Das Jahresende ist ja stets Anlass für allerlei rührselige Rück- und Ausblicke. Zu dieser Zeit gründeln Horoskopkreateure ganz unten in der Textbausteinkiste, Schwarz- und Weisseher übertreffen sich beim Orakeln über Preissteigerungen, das Geschlecht eines englischen Thronfolgewürmchens und Loddars zukünftiges Liebesleben. Nichts, was wirklich interessant, geschweige denn belegbar wäre und jedes Jahr dasselbe. Zum Gähnen.

Der Nachtsatz hat bei einem der letzten, heiteren Stammtischzusammenkünfte allerdings eine besonders interessante Spielart für Astrologierige entdeckt, für die sich der Blick nicht zurück oder nach vorne, sondern nach unten richten sollte: Das Genitalhoroskop.
Eine gewisse Frau O. hat sich hier etwas Spezielles überlegt. Anhand z.B. der Form, der Ausrichtung, der Einfärbung und der Größenverhältnisse der fortpflanzungsrelevanten Ausstattung von Menschen meint Frau O., deren Charaktereigenschaften feststellen zu können. Eine gewagte These, wie ich finde.

Frau O. wurde nach eigener Angabe im zarten Alter von 12 Jahren von ihrer eigenen Mutter in das Geschäft des Genitallesens eingeführt, ein Umstand, der mich ein wenig befremdet. Mit 12 regte sich bei mir persönlich gerade ein zartes Interesse für andere Geschlechter im allgemeinen und Jungs im Besonderen. Während ich meine Nase jedoch vorwiegend in Bücher steckte, schaute Frau O. offenbar direkt das Zentrum der Nacktheit und wurde in die Geheimnisse von Blut-, Fleisch- und Fettpenissen sowie in die Differenzierung von Schamlippen aller Art eingeweiht. Nichts, was ich ihr heute neiden würde, unter uns gesagt. Wir hatten ja immerhin die BRAVO und wurden von damit bereits hinreichend aufgeklärt.

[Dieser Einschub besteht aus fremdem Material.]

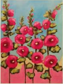
Yvonne Sternadel: May 18 - July 21
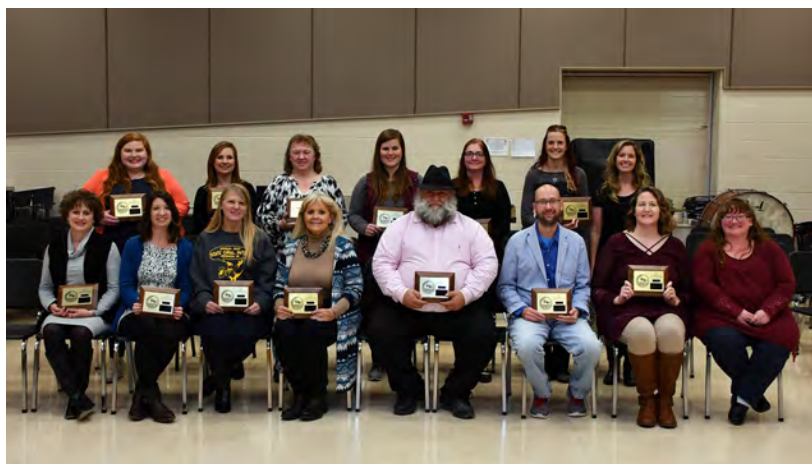
2018 Class A Team Excellence Awards

Sioux Valley St. Thomas More Tea Area West Central
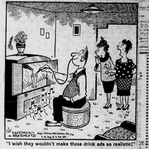
"I wish they wouldn't make those drink ads so realistic!"
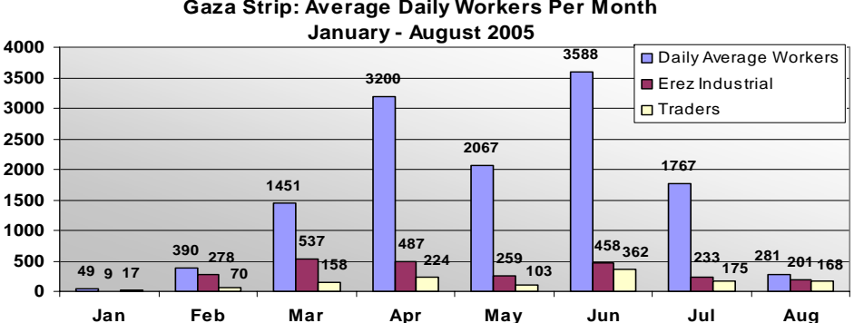
Gaza Strip: Average Daily Workers Per Month
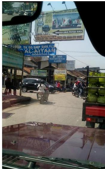
Figure 5: GoJek’s Warning at Ciganitri-Bandung

shy nor subtle people. They would immediately approach a ‘suspected’ GoJek driver in group and force him to leave instantly. They would also warn the customer for not using GoJek drivers anymore in ‘their’ area.

Frau O. hingegen vermochte sogar willige Bekannte und Freunde von ihrer Gabe zu überzeugen und beriet fortan über gespreizte Beine gebeugt hinsichtlich Zukunftsperspektiven und Charakteristika der jeweiligen Besitzer und während ich mich in meiner Ausbildung mit Typenradschreibmaschinen herumschlug, studierte Frau O. die Typen hautnah und konstatiert z.B., dass Männer mit tiefer hängendem, linken Hodensack eher zu psychischen Problemen neigen. Respekt. So genau habe ich das noch gar nicht betrachtet.

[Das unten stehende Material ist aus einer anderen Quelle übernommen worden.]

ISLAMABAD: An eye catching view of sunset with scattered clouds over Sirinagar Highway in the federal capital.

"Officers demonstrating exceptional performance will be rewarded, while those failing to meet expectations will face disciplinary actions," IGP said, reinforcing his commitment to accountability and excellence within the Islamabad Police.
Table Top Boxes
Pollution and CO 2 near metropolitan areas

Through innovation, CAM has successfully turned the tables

Im Gegensatz zu mir hat Frau O. aus ihrer Gabe ein Geschäftsmodell entwickelt. Zwar bietet sie auf ihrer Homepage auch reichlich im Vollsuff hingekritzeltes detailliert illustriertes Anschauungsmaterial zum Selbststudium. Wer zu einsam oder zu bequem oder einfach nur zu ungelenk zur Vermessung und Betrachtung z.B. seiner Hodennaht ist, dem bietet Frau O. nach Übersendung aussagekräftiger Fotoaufnahmen auch eine Internetberatung für schlappe 40 €. Damit kann Frau O. beurteilen, welcher Partner passt, was die Lebensaufgabe ist und woher Probleme mit Verwandten/Chefs/anderen Menschen rühren. Ich behaupte, wer neben Geld auch noch Fotos seiner wie auch immer gearteten Genitalien an wildfremde Leute schickt, hat ein sehr umfassendes Problem, das mit 40 € ganz sicher nicht behoben ist, sondern eher einen Härtefall für die Krankenkasse darstellt. Lebenshilfeberatung anhand von Geschlechtsmerkmalen: Da muss man erst einmal drauf, ähhh, kommen.

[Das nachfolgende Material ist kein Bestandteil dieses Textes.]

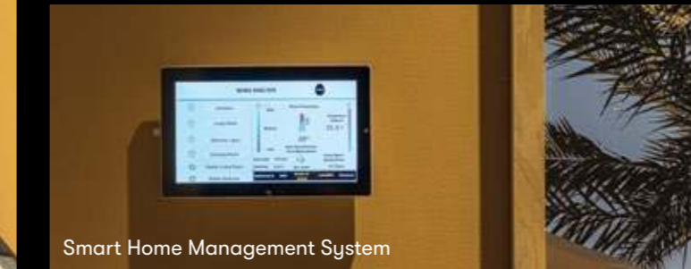
Smart Home Management System
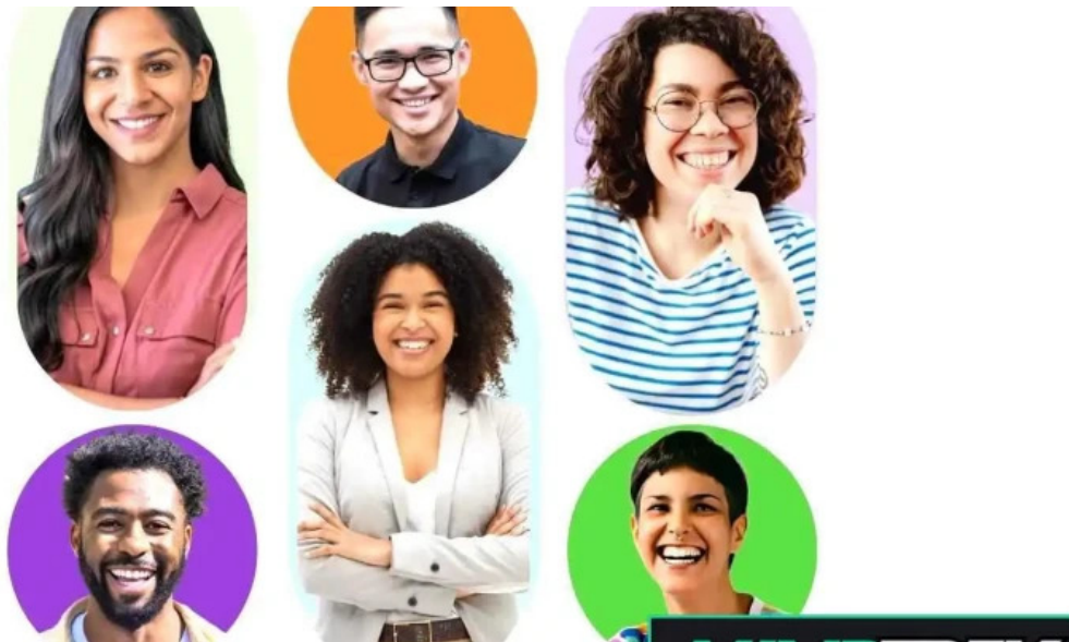
Kaleidoscope counselling collective latest

Die Zeit des Jahreswechsels ist auch die Zeit der guten Vorsätze. Nehmen wir uns also vor, uns in 2013 mehr den Partnern, Freunden, den eigenen Bedürfnissen und leckerem Essen zu widmen und uns nicht von völlig Verrückten windigen Scharlatanen übers Ohr hauen zu lassen, sondern mit Verstand, offenen Augen, Ohren und einem ausreichend großen Handspiegel durchs Jahr zu gehen. Und wenn der Nachtsatz wieder so unterhaltsame Websites findet: Nur her damit! Wir haben uns köstlichst amüsiert!